Interesting correlations were observed between the categorical variables and C/NC events, and differences were revealed between crash and near-crash events. The top 5-item rules for crash events and near-crash events are used as examples. In these two association rules, travel lanes and locality were significantly correlated with the occurrence of C/NC events. However, the correlation strength differed for different categorical variables. Drivers with an aggressive driving style were more likely to be involved in a crash when driving on roads with less than two lanes in a business/industrial area. Drivers driving in a business/industrial area on roads with more than 2 lanes in stable traffic were more likely to be involved in near-crash events.

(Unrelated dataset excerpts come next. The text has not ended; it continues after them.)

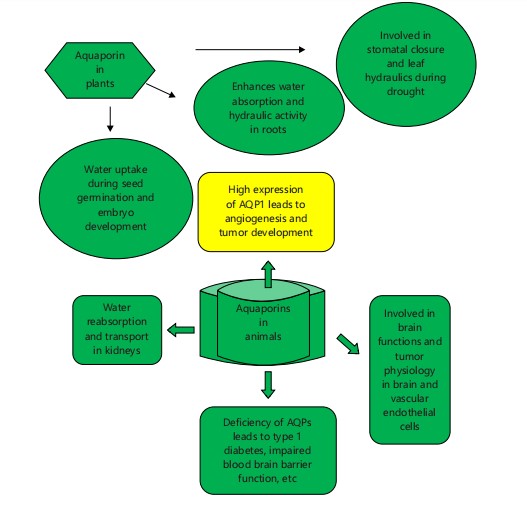 For a second time in another experiment, shockingly, down-regulation of VvPIP2; 1 aquaporins can be seen during drought conditions. Therefore, very contrasting results have been observed between similar aquaporin homologs within the same species under drought stress. Reported that arbuscular mycorrhizal symbiosis with maize plants can control the various expressions of aquaporins differently during both temporary and extended drought stress conditions14. Studies conducted in naturally drought-tolerant plant species to approximate aquaporins role during drought conditions. A drought-tolerant plant, Eragrostis nindensis (resurrection grass), has TIP3; 1 in small vacuoles of its leaves, which plays a major role by improving the mobilization of water and solute molecules from those small vacuoles after rehydration. The transgenic plant shows better resistance and enhanced growth and development when subjected to drought stress. Animal AQPs also played a huge role in the homeostasis of water balance in the animal body. The AQPs found in the kidney, mainly the AQP2, are associated with osmoregulation and water homeostasis. They do so by activating the ADH hormone during water-deficient conditions, reabsorbing large amounts of water, and producing very concentrated urine as output15.
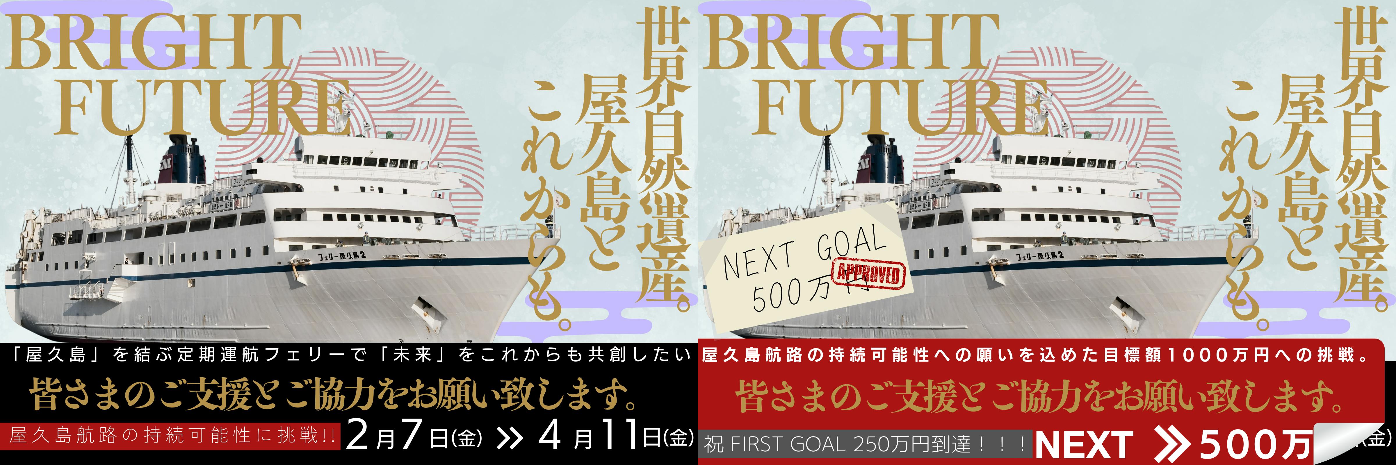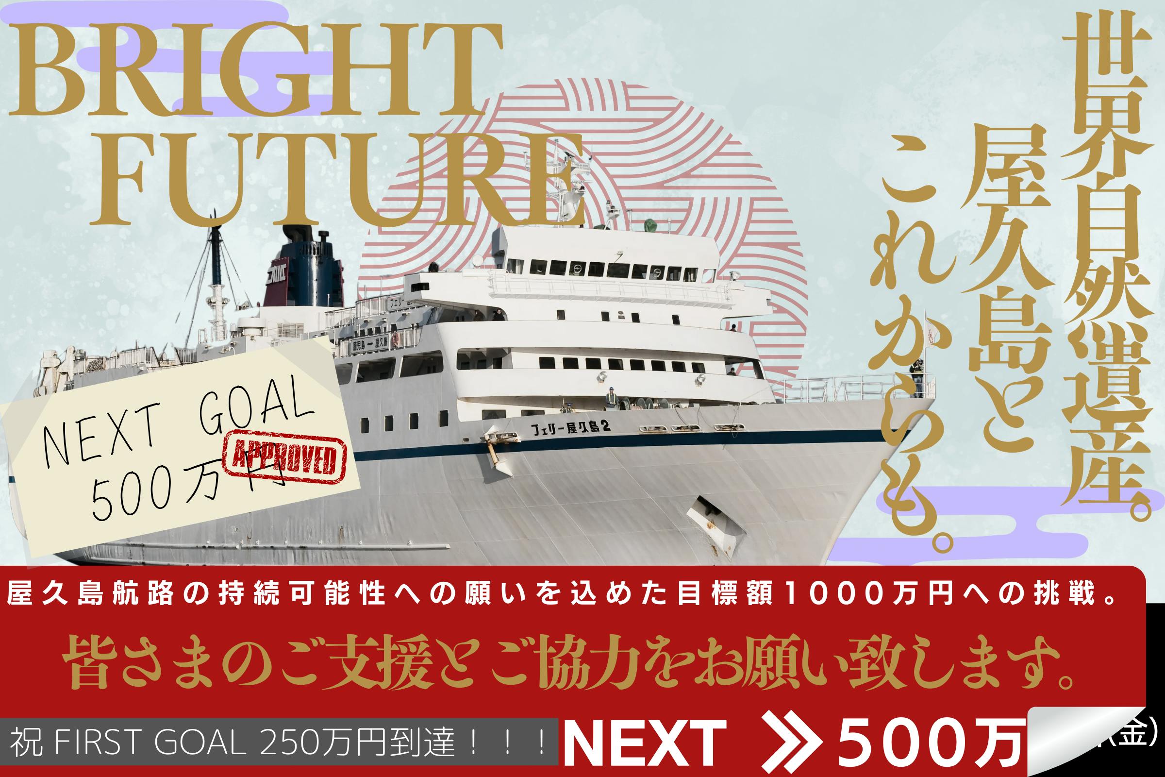 ポスターやチラシに記載している「目標額1000万への挑戦!」という部分との差異については こちら で詳しく記載させて頂いておりますが、「離島航路の現状や課題」 という部分をより色んな方に知って頂くためにもこのCAMPFIRE(クラウドファンディング)で私たちは挑戦を続けていきます。
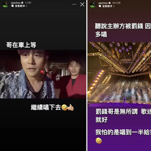 在得到对方“继续继续”的肯定答复后,周杰伦果真重回舞台继续唱歌,事后导致主办方因超时被罚钱。周杰伦在其个人社交媒体的限时动态表示:“罚钱哥是无所谓,歌迷开心就好”,随后还打趣说道:“我怕的是唱到一半给我断电。”
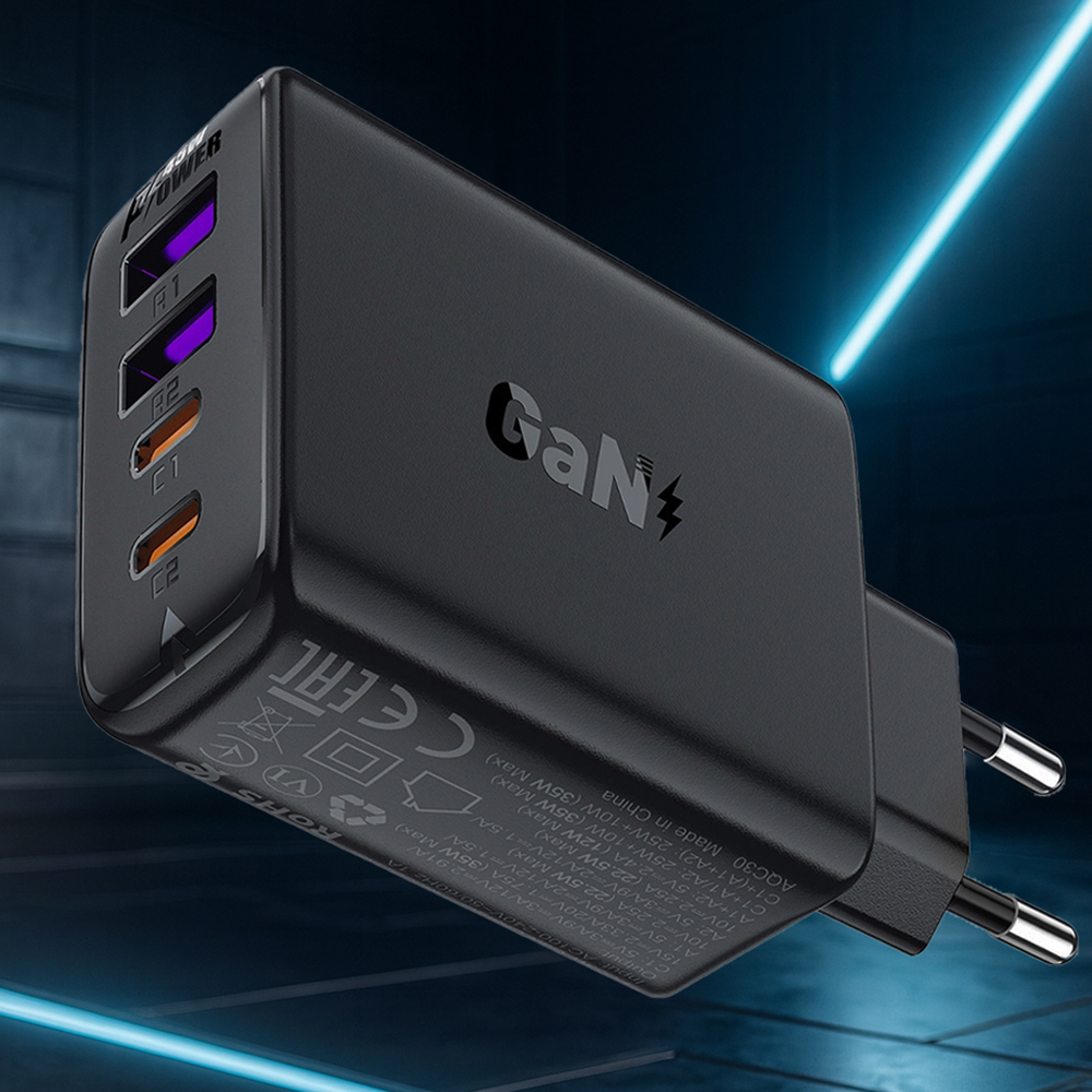 Ο φορτιστής διαθέτει τέσσερις θύρες για την ταυτόχρονη τροφοδοσία πολλών συσκευών, βελτιστοποιώντας τη διανομή ενέργειας και μειώνοντας τον χρόνο φόρτισης.
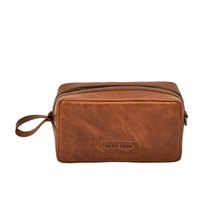- GOLDEN RIDERS Genuine Natural Leather Shaving/Toiletry Handy Pouch: Specifically handcrafted the traditional way, to make it more handy & spacious at same time. Premium leather, natural cotton lining & YKK zippers not only add additional life to pouch, even it gets better with usage.
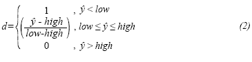 Where d is the desirability and varies from 0 to 1; and y is the predicted value of the response variable, "high" is a value above which the response is totally unacceptable (24 mg/kg for Total Contamination, and 500 ppm for moisture) and "low" a value below which desirability is a maximum. This equation applies to both total contamination and moisture. Subsequently desirabilities of the response variable are combined through the mathematical expression of equation 3:
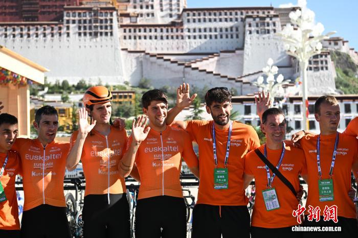 圖為開幕式上巴斯克電信職業(yè)隊隊員在布達拉宮廣場合影留念。貢嘎來松 攝
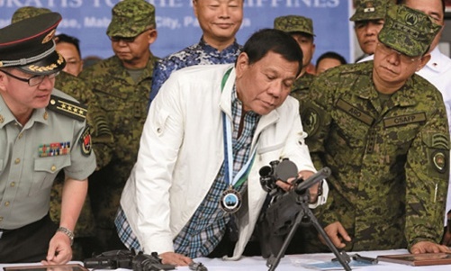 Tổng thống Philippines Rodrigo Duterte kiểm tra lô vũ khí do Trung Quốc trao tặng hồi tháng 6/2017. Ảnh: Inquirer. |
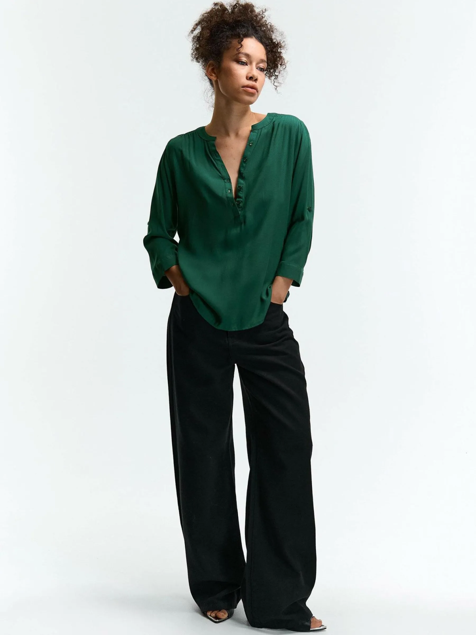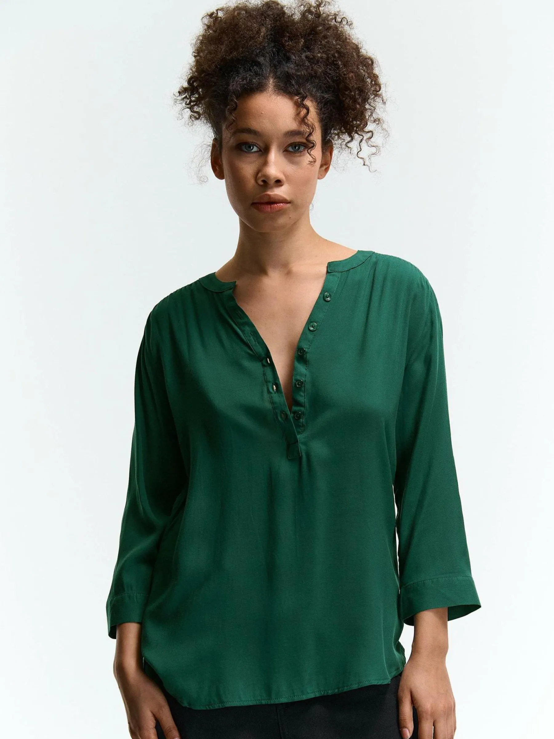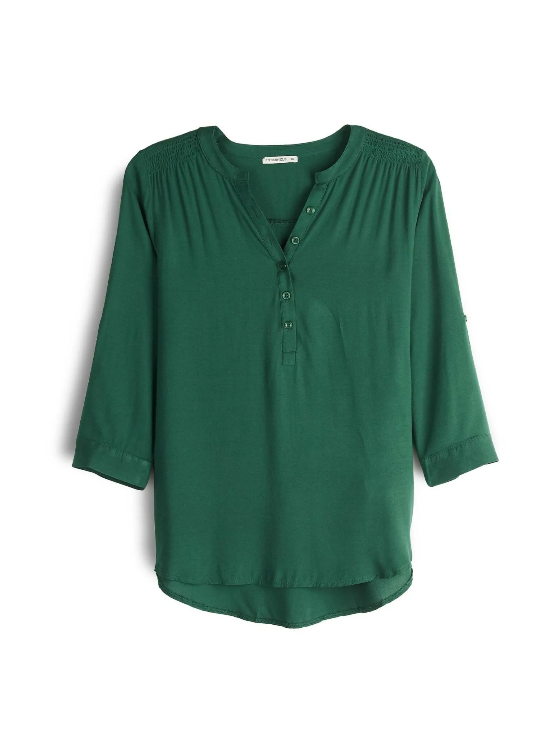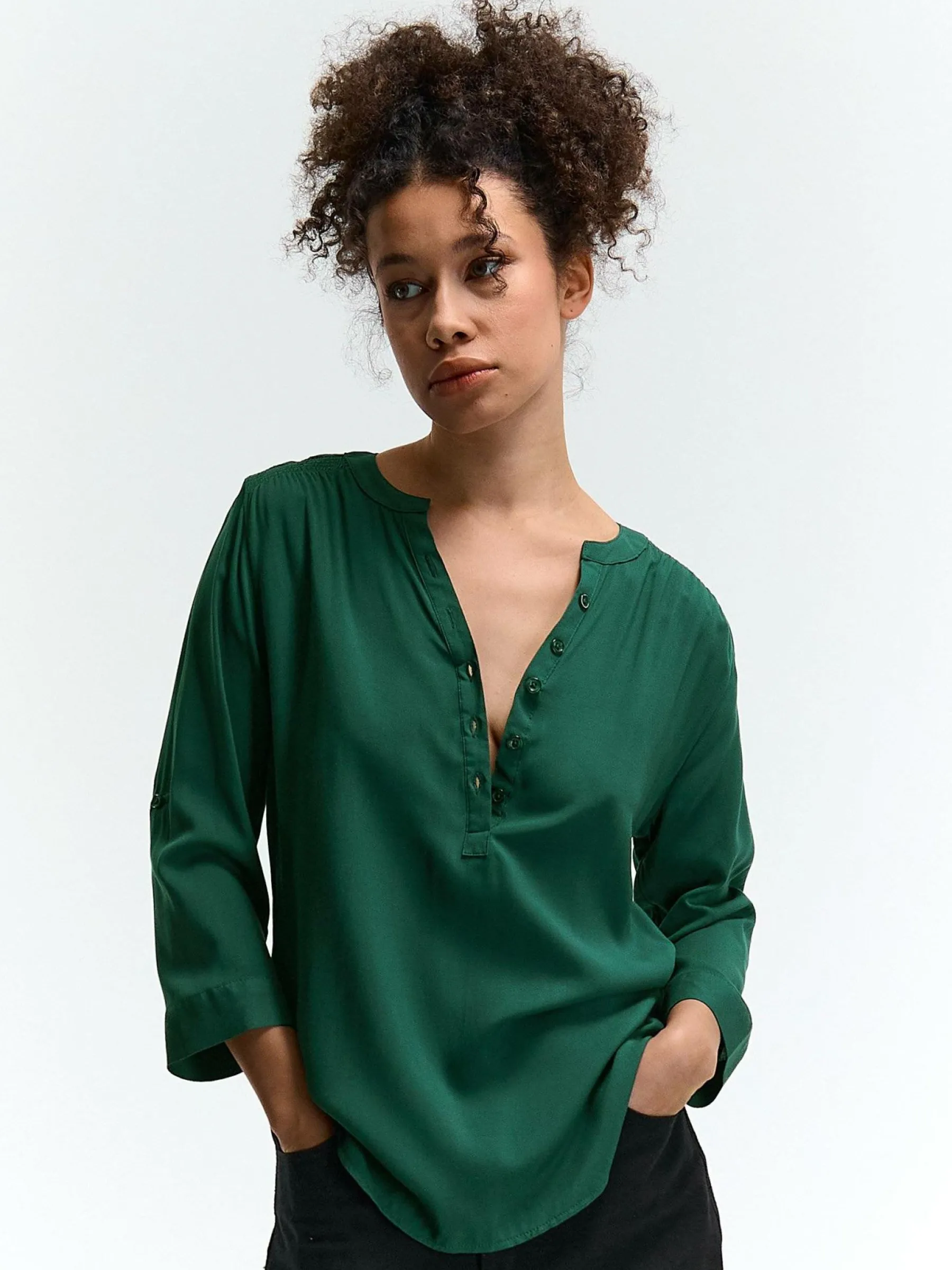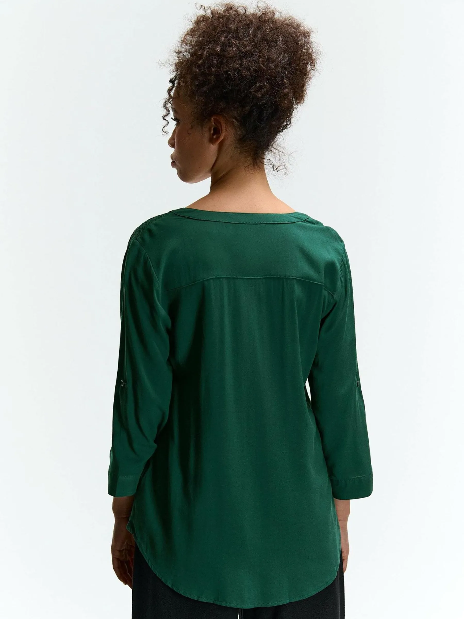 Kolor: zielonyKrój: regularTyp: bluzkaRekaw: rękaw 3/4Długość: krótkiPattern style: pojedynczy kolorDetal: z falba…
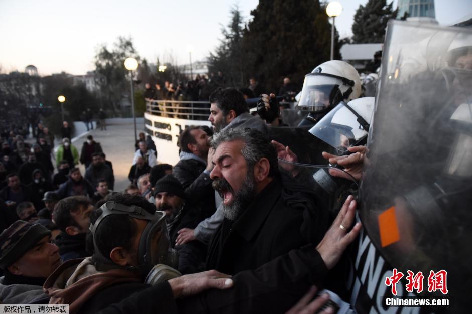 当地时间2016年1月28日,希腊塞萨洛尼基,希腊农民抗议政府实行财政紧缩政策,增加农业部门税收,与防暴警察冲突。约5000名农民在农业博览会外抗议,他们试图重进场馆遭到警方催泪弹驱逐。
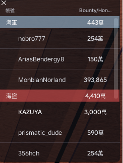 賞金:海賊3000萬海軍390萬

This study is expected to provide useful information for future research on C/NC events using ARM methods and suggestions for traffic engineers to improve road safety and prevent accidents. However, this study has three limitations. First, we did not include all rules in the analysis due to the large number of generated rules. Second, although we included a large range of categorical variables and extracted the association rules between the variables and C/NC events, we did not evaluate the correlations between the categorical variables. For example, many researchers have found that performing secondary tasks, such as using a phone or talking to passengers while driving, significantly increased driving risks. However, we aggregated all secondary tasks into one category. Third, some important categorical variables were discarded for the reasons described in Section 2.2, although they may have influenced the C/NC events. These limitations will be addressed in future studies.

Data Availability

The Naturalistic Engagement in Secondary Tasks (NEST) data used to support the findings of this study have been deposited in the SHRP2 Naturalistic Driving Study repository (doi:10.15787/VTT1/OZQ6BL).

Conflicts of Interest

The authors declare that there is no conflict of interest regarding the publication of this paper.

Acknowledgments

Thanks are due to SHRP2 Naturalistic Driving Study for collecting and providing the detailed dataset.